In the last few years, more and more companies have started to enjoy greater productivity and improved team cohesion by operating sane, modern policies about working hours and work / life balance.
Bluntly, no one who has looked into productivity in companies believes any longer that encouraging a culture of long working hours leads to anything but resentment, mistakes and an accelerated churn of employees as they burn out and seek alternative employment.
Every business has commercial realities, goals and limited time — this is a constant now and will almost certainly be that way in the future. Just as in every other corner of our lives, there is never enough time. The secret is to find productive ways of getting as much as possible out of the time available, and this goes double for businesses, as they are buying that time from people who have a hundred other things that they would rather be doing if they did not need to enter into that transaction.

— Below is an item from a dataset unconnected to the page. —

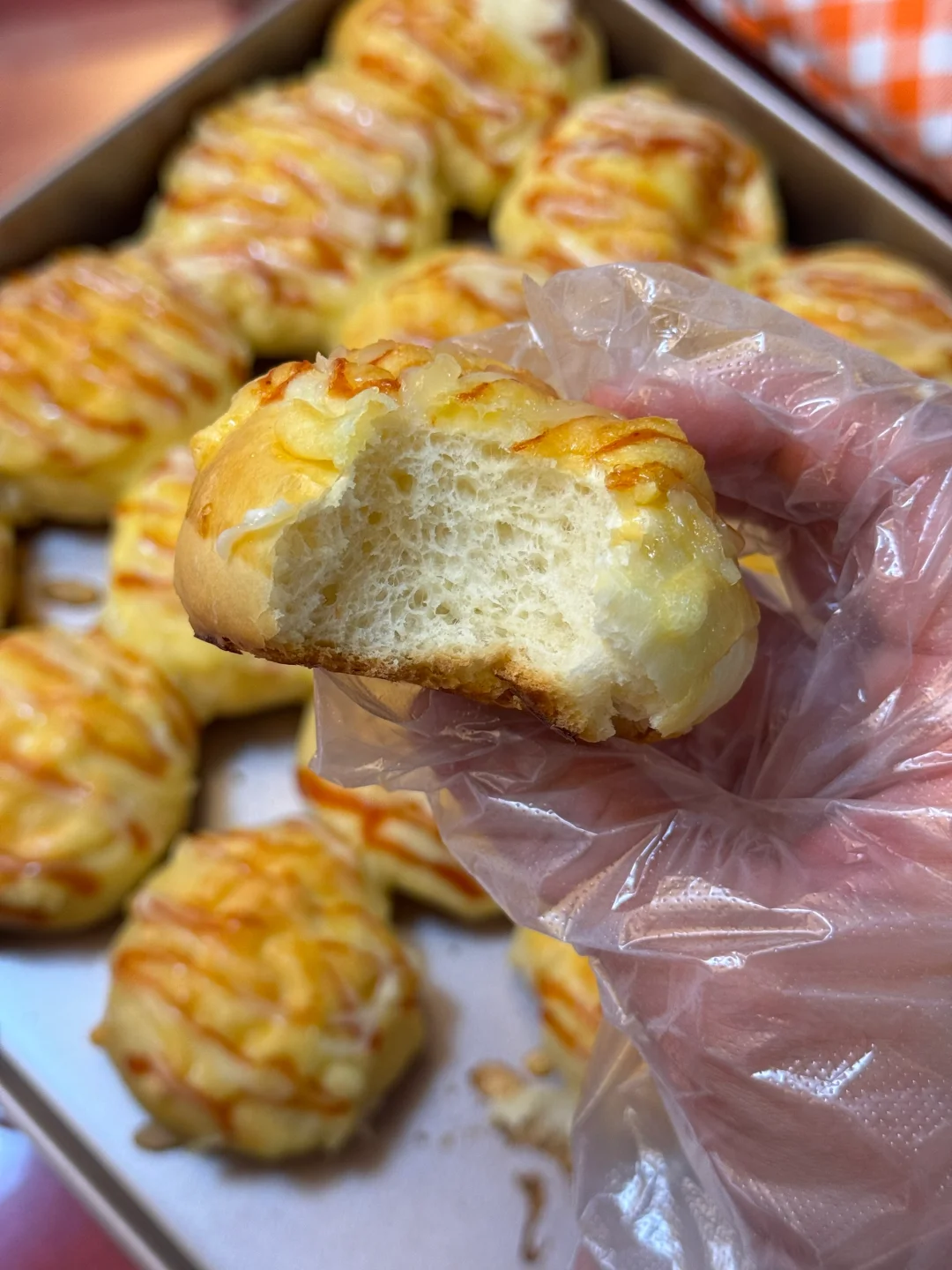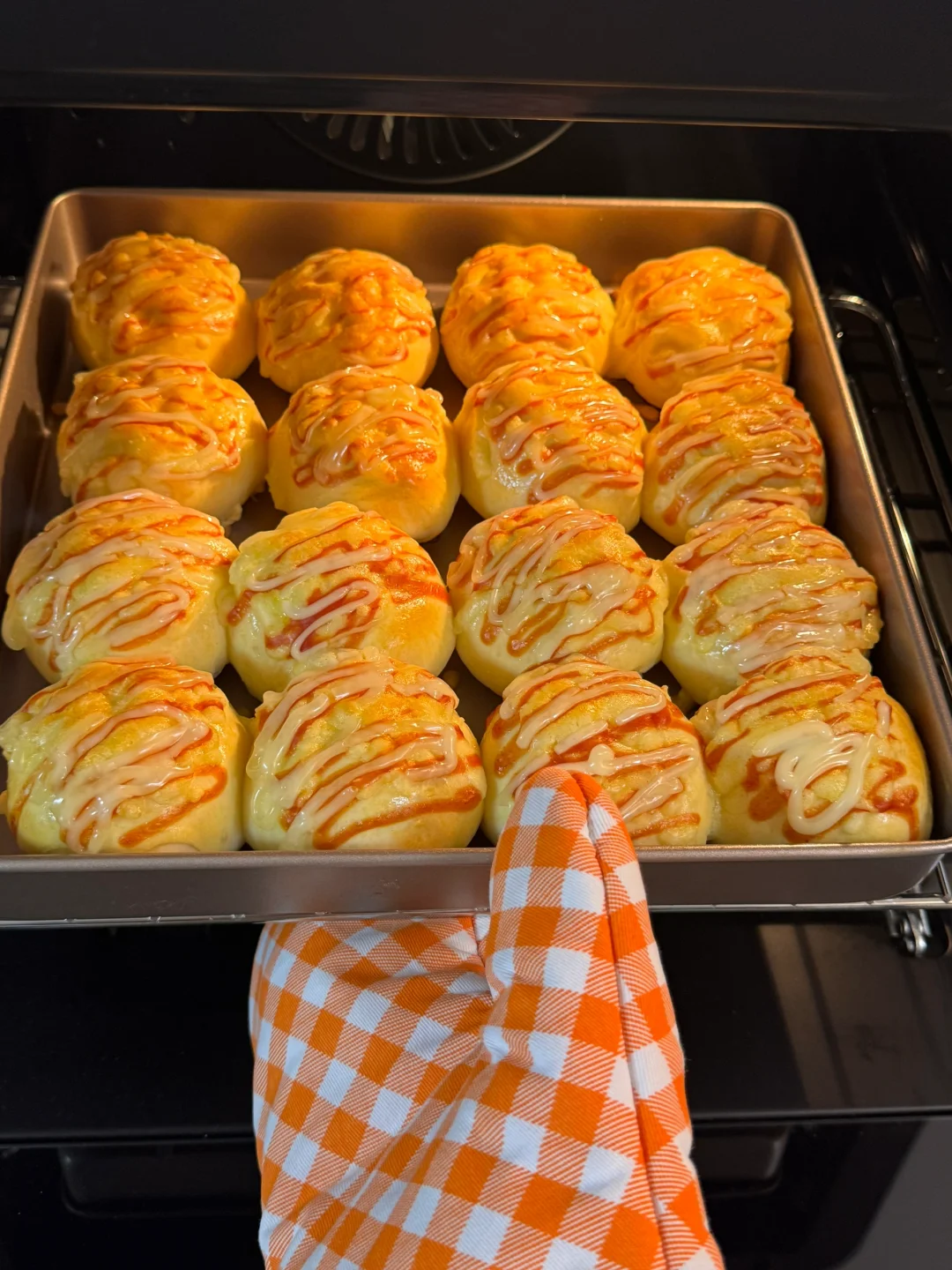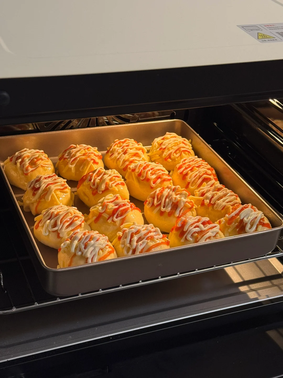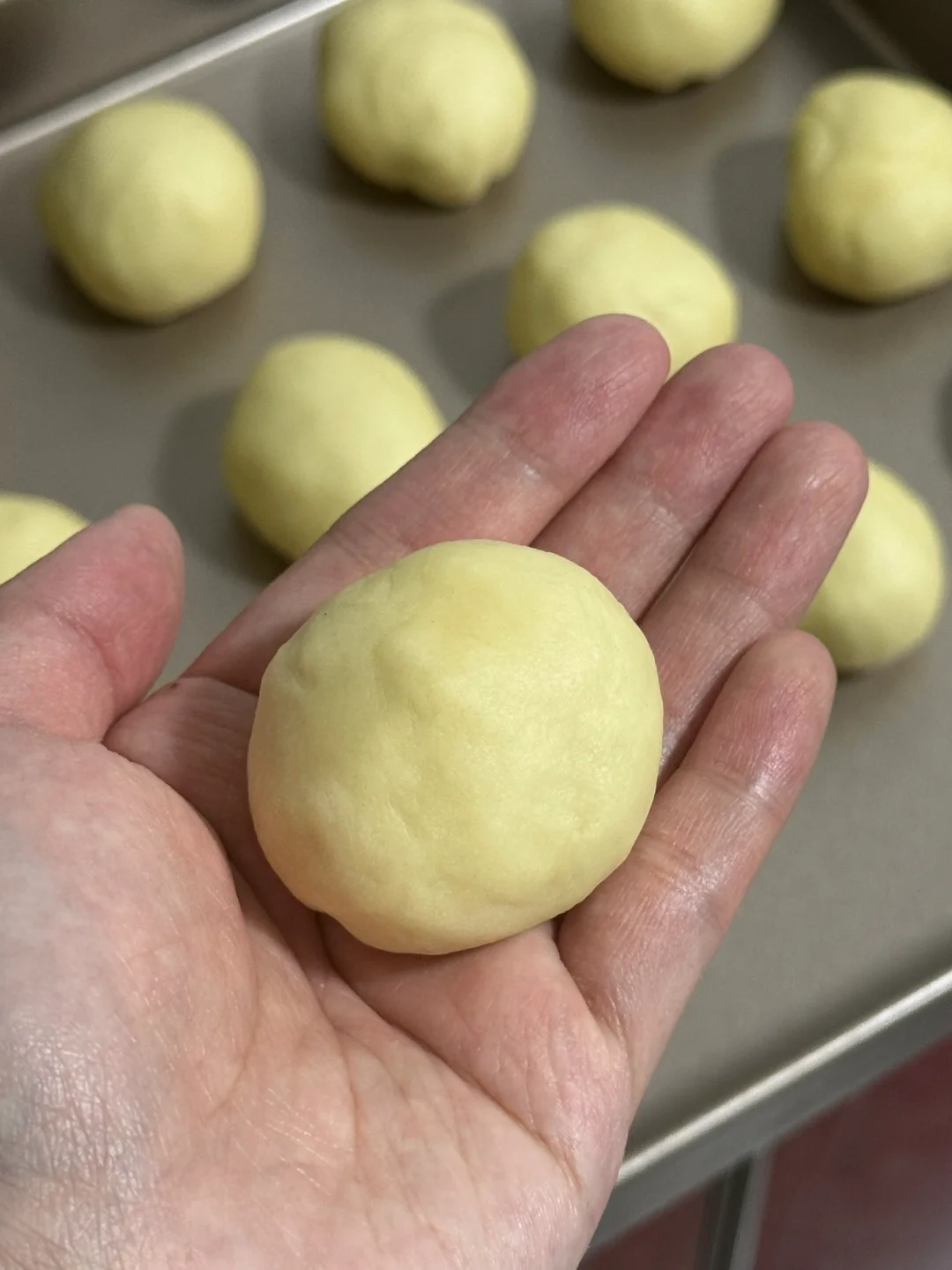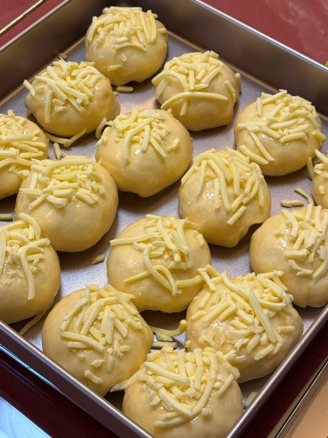 2.发酵好的面团均分成16份,滚圆,再松弛20分钟,放入烤盘,烤箱进行二次醒发35度40分钟。

Setting concrete limits on working hours and being honest about the need for them to be respected is at the centre of treating your employees as whole people, rather than sending a message that you see them as nothing other than your workforce. As one of my commenters pointed out, this has to flow from the top down. If the team sees their leader arriving early and working late as a matter of course they are going to begin to wonder if that is not what is really expected, and worse still they may start to believe that such an approach is something that they also need to adopt in order to advance within their careers. Have everyone from the top down keep to the stated working hours and encourage people to leave the office when they have done their fair share.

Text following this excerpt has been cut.